The accepted papers are:
1. Toomas Klementi, Kristian Kankainen, Gunnar Piho and Peeter Ross. Prospective research
topics toward preserving persons’ electronic health records in decentralised content-
addressable storage networks
2. Rainer Randmaa, Igor Bossenko, Toomas Klementi, Gunnar Piho and Peeter Ross. Evalu-
ating business meta-models for semantic interoperability with FHIR resources
3. Fazle Rabbi, Bahareh Fatemi and Wendy MacCaull. Analysis of patient pathways with
contextual process mining
4. Philipp Bende, Olga Vovk, David Caraveo, Ludwig Pechmann and Martin Leucker. A Case
Study on Data Protection for a Cloud- and AI-based Homecare Medical Device
5. Kristian Kankainen, Toomas Klementi, Peeter Ross and Gunnar Piho. Using the Snomed
CT as a semantic model for Controlled Natural Language capture of clinical data
6. Patrick Stünkel, Sabine Leh and Friedemann Leh. Process Data Science for Workflow
Optimization in Digital Pathology: A status report
7. Igor Bossenko, Gunnar Piho and Peeter Ross.

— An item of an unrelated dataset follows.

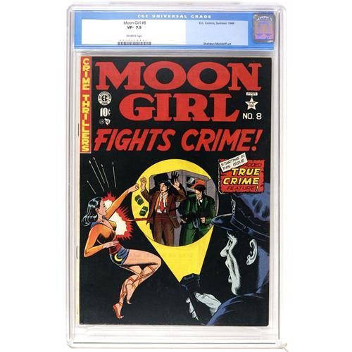<B>Moon Girl #8 (EC, 1949) CGC VF- 7.5 Off-white pages.</B></I> "Scarce" according to both Gerber and Overstreet. Cover reads <B>Moon Girl Fights Crime!</B></I>. Sheldon Moldoff cover and art. Overstreet 2006 VF 8.0 value = $338. CGC census 5/06: 1 in 7.5, 1 higher. <BR><BR><B>Important notice:</B> Heritage usually auctions material at the rate of 200-250 lots per hour. On some occasions eBay Live bid software or the Internet may not be able to keep up with the pace of the auction. We recommend placing a realistic absentee bid now as insurance to avoid disappointment. Occasionally the auctioneer may eliminate or reject an eBay Live bid, and the auctioneer may also reopen a lot after the close of the eBay live bidding (usually because we missed an audience bid), and may reject your bid even if it shows you as the winning bidder. By bidding via eBay Live, you agree that Heritage may award the lot to another bidder at its sole discretion under the circumstances described above or any other reasonable circumstances. Since eBay bids are not shown to us until we open the lot on the floor, we treat those bids just like floor bids. In most cases the floor responds before the eBay bid is presented to us, due to Internet lag time, so for consistency we have made it a policy that floor bids are always considered first over tie eBay live bids. Also please note that all Heritage lots purchased through eBay Live carry a 22.5% Buyer's Premium. Please make sure you read the Terms and Conditions before you bid. This lot is being auctioned in conjunction with a live floor auction by Heritage Auction Galleries. All final auction and invoice information will be supplied by Heritage Auction Galleries, and all other information should be considered preliminary. Lot:41001 <BR><BR><B>Winning Notification and Billing:</B> After the FINAL session in this auction is complete, Heritage will send e-mail and snail mail invoices. This process normally takes several days. All final auction and invoice information will be supplied by Heritage Auction Galleries, and all other information should be considered preliminary. <BR><BR>This auction will be conducted on a live auction floor and over the Internet through eBay Live. If you choose to place an absentee bid, please take a moment to <font color='#0000ff'><u><a href='http://pages.ebay.com/liveauctions/help/before/laabsentee.html'>learn how eBay Live absentee bidding works</a></u></font><font color='#000000'>

Forward and backward compatibility design
techniques applying the HL7 FHIR standard
8. Peter Pfeiffer, Heike Sander, Peter Fettke and Wolfgang Reisig. Towards a Standard Process
enabling AI-support for Safety and Conformity of Medical Devices
9. Severin A. Eliassen, Harald Soleim, Atle B. Geitung and Lars Peder V. Bovim. VR-based
rehabilitation of cognitive functions among stroke-survivors
Acknowledgments
First we would like to thank all the authors who have submitted and presented their work at
the HEDA 2022 workshop. Without the great efforts of the reviewers in ensuring the quality of
the papers, this workshop would not be as successful as it became. We would also like to thank
the organizers of the Petri Nets 2022 conference for facilitating the workshop. Finally, many
thanks to Gunnar Piho and Violet Ka I Pun for helping out in all phases of the organization.